Dans ce sens-là, dire : « Que mon destin ait honte, mon destin était mauvais » n’est pas du kufr.
Mais accuser notre Seigneur, qui détermine notre kader selon nos actes, en disant :
« Allah n’aurait pas dû écrire nos mauvaises actions comme mauvaises, Il a mal fait »,
cela serait du kufr.
Cependant, un musulman ne prononcerait jamais une telle parole ; si quelqu’un la dit, ce n’est déjà plus un musulman.
7- Le takfîrî dit : « Dire à un kâfir : “Qu’Allah soit satisfait de toi” est du kufr. »
RÉPONSE : On ne fait pas de du‘â pour un kâfir, on ne lui donne pas le salâm, mais en cas de besoin, si l’on dit : « qu’Allah soit satisfait de toi », cela veut dire :
« Qu’Allah te mette dans un état dont Il sera satisfait. »
On fait des du‘â pour la hidâya (guidée) du kâfir. En cas de besoin, on lui donne aussi le salâm. Le salâm est lui aussi une du‘â. Il a aussi le sens de : « Qu’Allah soit satisfait de toi. »

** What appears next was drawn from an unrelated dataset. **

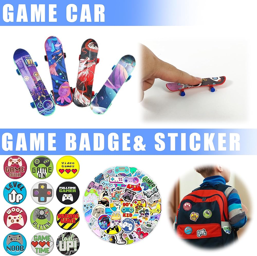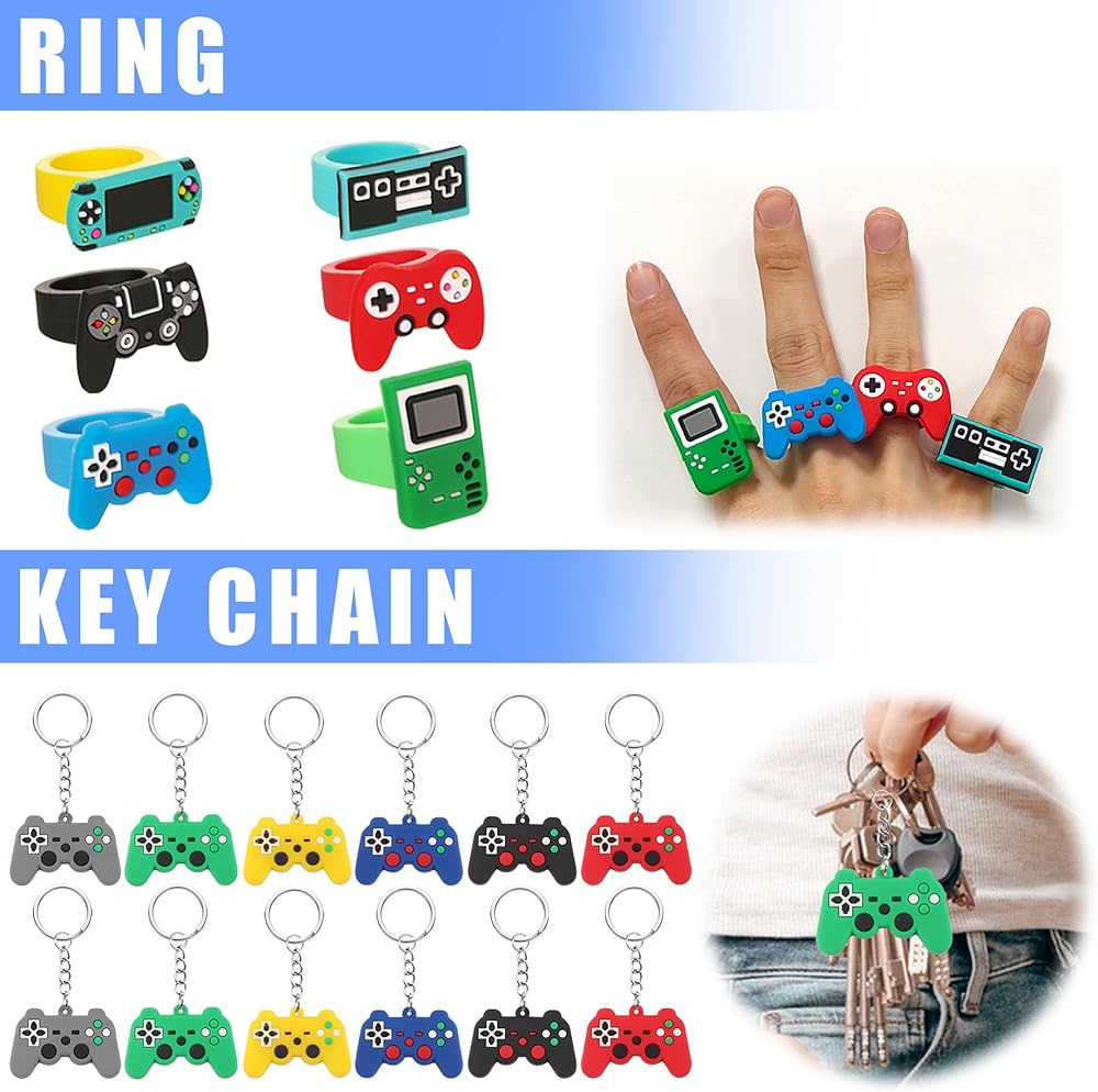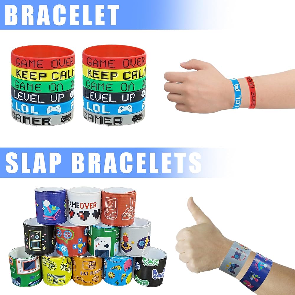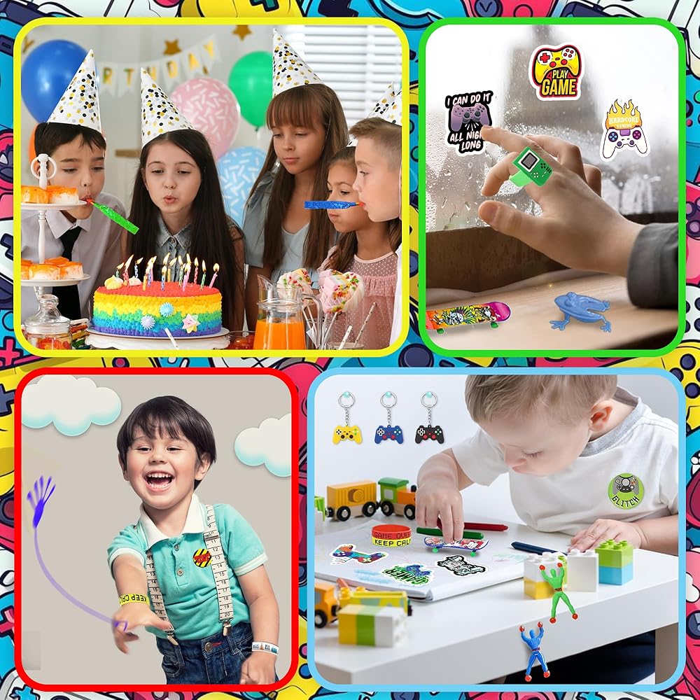 ستحصل على 12 قطعة مفاتيح مفاتيح ، و 12pcs معصم السيليكون ، و 50pcs ملصقات ، وشارات الأزرار 12pcs ، و 12pcs slap braclets ، و 16pcs ألعاب لزجة ، و 4pcs ألعاب التزلج ، و 8pcs قفز الضفادع ، و 6pcs.

Dire à un musulman qui fait du‘â pour la hidâya d’un kâfir : « Tu es devenu kâfir », est très laid.
8- Le takfîrî dit : « Dire : “Les Américains sont notre ennemi éternel”) est du kufr. »
RÉPONSE : Le takfîrî pense sans doute que le mot ezelî (azalî) ne peut pas être utilisé pour autre qu’Allah. Le mot ezelî est aussi employé au sens de très ancien. Chercher du kufr sous chaque parole est une erreur.
9- Le takfîrî dit : « Dire : “Le corps de notre maître Ayyûb a été atteint par les vers” est du kufr. »
RÉPONSE : Les prophètes ont cinq ou sept attributs :
- Sidq [toutes leurs actions sont véridiques, ils ne mentent pas],
- Tablîgh [ils transmettent la religion sans rien omettre],
- ‘Adâla [ils observent le droit en toute chose],
- ‘Isma [ils ne commettent pas de péché],
- Amâna [ils sont dignes de confiance],
- Fatâna [ils sont très intelligents, dotés d’une grande compréhension],
- Amn al-‘azl [ils ne sont pas destitués de la prophétie, c’est-à-dire que la prophétie ne leur est pas retirée].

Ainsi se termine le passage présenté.